By Lloyd Rolfes II Remington Park Director of Internal Compliance and Surveillance
From that fateful day of the pony photo, I could no longer pass one of those mechanical horse rides on the sidewalks in front of stores, without begging my mother for several nickels, to facilitate a number of consecutive riding sessions. My growing obsession with horseback riding became so great that my mom & dad had to find another venue to satisfy my lust for riding those spirited stallions of the sidewalk, and save those mounting numbers of spent nickels. They tried introducing me to the comparatively slow-moving, up and down, carousel horses at City Park, but they were just too tame for me.
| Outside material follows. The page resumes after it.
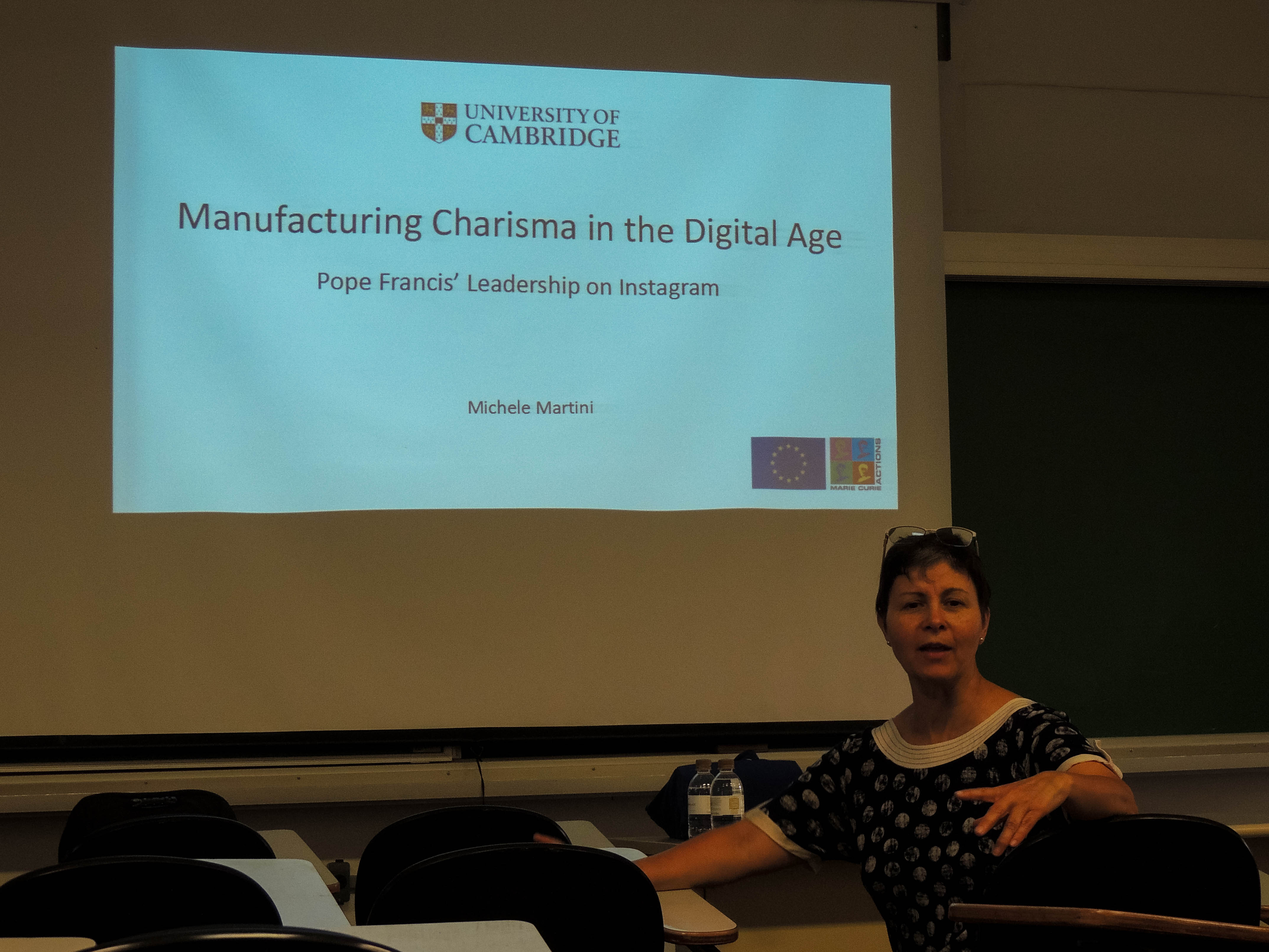 De acordo com seu relato, sua pesquisa se iniciou com a seguinte questão: como a autoridade religiosa é construída, reafirmada e implementada por instituições religiosas nessa rede social em particular? Assim, baseando-se amplamente nos pressupostos teórico-metodológicos da semiótica, Michele pôde analisar cerca de 500 fotografias, o número completo de imagens que até aquele momento haviam sido publicadas no perfil papal.
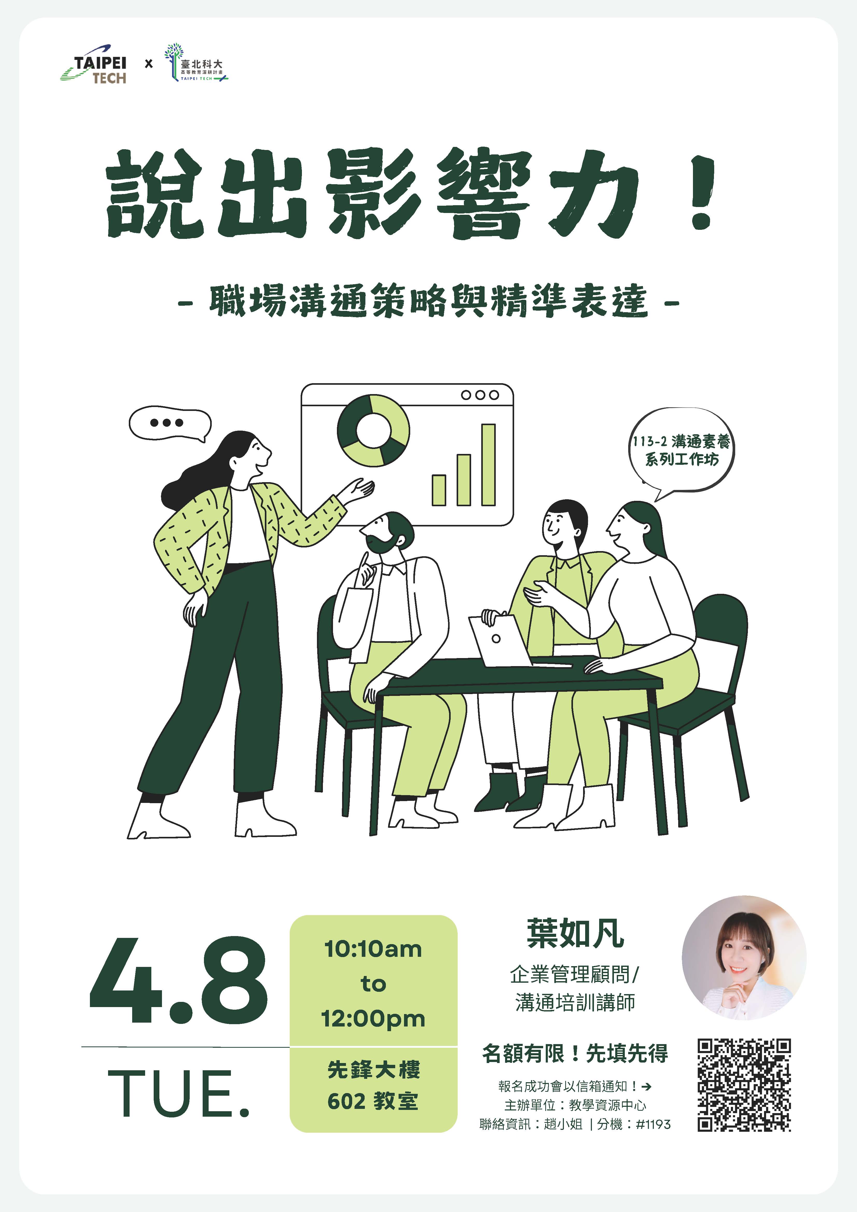【講座】04/08(二)10:10-12:00 主題:【說出影響力!職場溝通策略與精準表達】

Not to mention, the accompanying calliope music did not befit the rugged pursuit of horseback riding for a burgeoning cowboy.

Being an admittedly spoiled child, my parents bought for me a spring mounted, wooden rocking/bucking bronco of my very own, and placed it on our front porch. I fondly remember those many hours spent in the great outdoors of the inner-city, which were plainly visible from our screened porch. Each riding session found me appropriately wearing my Buffalo Bob boots, Hop-A-Long Cassidy leather chaps, Roy Rodgers cowboy hat, and The Cisco Kid six shooters. I am sure that you must have shared similar experiences in your youth. The joy of horseback riding, and my ever improving riding prowess, would have gone on much longer, were it not for a tragic riding accident. My joy of riding was cut short one fateful day, when my young sister (five years my junior) was out on the porch watching my skillful riding exhibitions. All of a sudden, without time to react, my sister got too close to my exuberant steed while he was in mid-stride. Her shrieks of glee, laughter, and excitement, were shattered by screams of pain, and the splattering of bright red blood across the floor of the porch. She had been struck in the mouth by my beloved horse, and one of her front baby teeth was knocked out. The sight of her gleaming white, cavity free tooth, resting on the floor of the porch, in a pool of her own crimson life's blood, was just too much for me to bare. I was so traumatized by this event, I never wanted to ride another horse, again. I didn't even protest when my mom & dad gave away my beloved equine to one of my cousins.
To this very day, it is difficult to gaze upon those old family photos that show my sister smiling with that horrid gap between her front teeth, caused by my obsession with the horse.